- Born: 28 August 1925 Dublin, Irish Free State
- Died: 10 May 2017 (aged 91)
- Education: National College of Art and Design Regent Street Polytechnic
- Known for: oil painting, portrait
- Style: Representational
- Spouse: William Carron
- Children: 1
- Elected: Aosdána (1990)

= Barbara Warren (artist) =

Irish painter

Barbara Warren RHA (28 August 1925 – 10 May 2017) was an Irish painter. She was a member of Aosdána, an elite Irish association of artists.

==Early life==
Warren was born in 1925; her father worked in a printers, while her mother was from a County Tipperary Quaker family. She attended the French School in Bray and Alexandra College. In 1943 she moved to Belfast to perform war work, maintaining Lancaster bombers.

==Career==
Warren studied at the National College of Art and Design (NCAD, Dublin) and at Regent Street Polytechnic (London), and then under André Lhote in Paris. She exhibited widely from 1950, winning a Purser-Griffith travel scholarship in the history of European painting in 1955.

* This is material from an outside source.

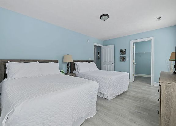 Bedroom four is perfect for the rest of the family and has two queen beds.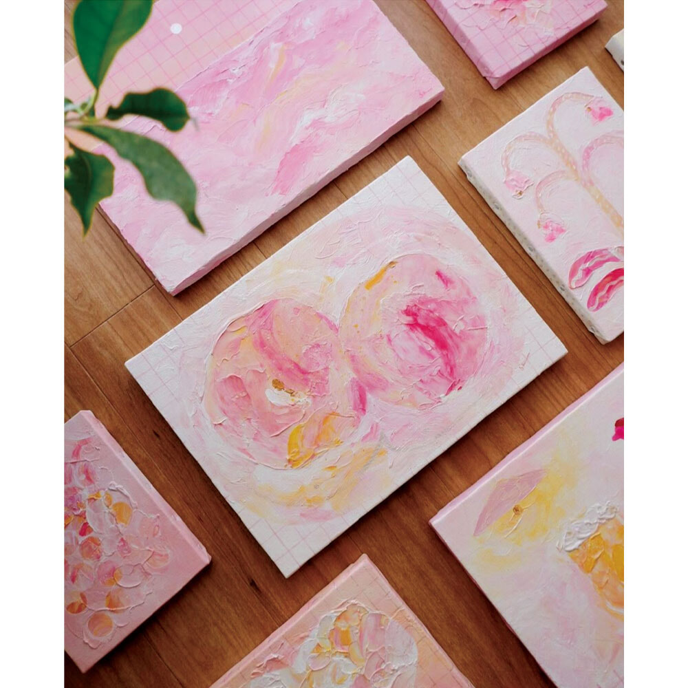 ピンク色の作品が印象的な絵描き兼イラストレーター。「幼少期、女の子らしすぎるという自意識が邪魔をしてピンクが好きだと言えず、青や紫を選ぶ子だった」という彼女は、大人になりあらためてピンクと向き合ったという。

She taught at NCAD between 1973 and 1984. She was elected to the RHA in 1989 and Aosdána in 1990, receiving the James Kennedy Memorial Award for portraiture from the RHA in 1990, and the career achievement prize at the 1999 Florence Biennale.

She worked in still life, interiors, figure studies and landscapes. Her paintings are held by the Office of Public Works, Ulster Museum, Irish Museum of Modern Art, The National Self-Portrait Collection of Ireland and Haverty Trust. According to The Irish Times, "Her thoughtful, considered mode of stylised realism never became formulaic. Each painting was a new puzzle to be approached on its own terms. She was regarded as the last surviving link with a generation of Irish women artists who studied in France and effected a major shift in 20th-century Irish art."

==Personal life==
Warren married William Carron, another artist, in 1961; they lived in Howth and had one child, Rachael. Barbara Warren died in 2017. She was a friend of the artists Elizabeth Rivers and Kitty Wilmer O'Brien.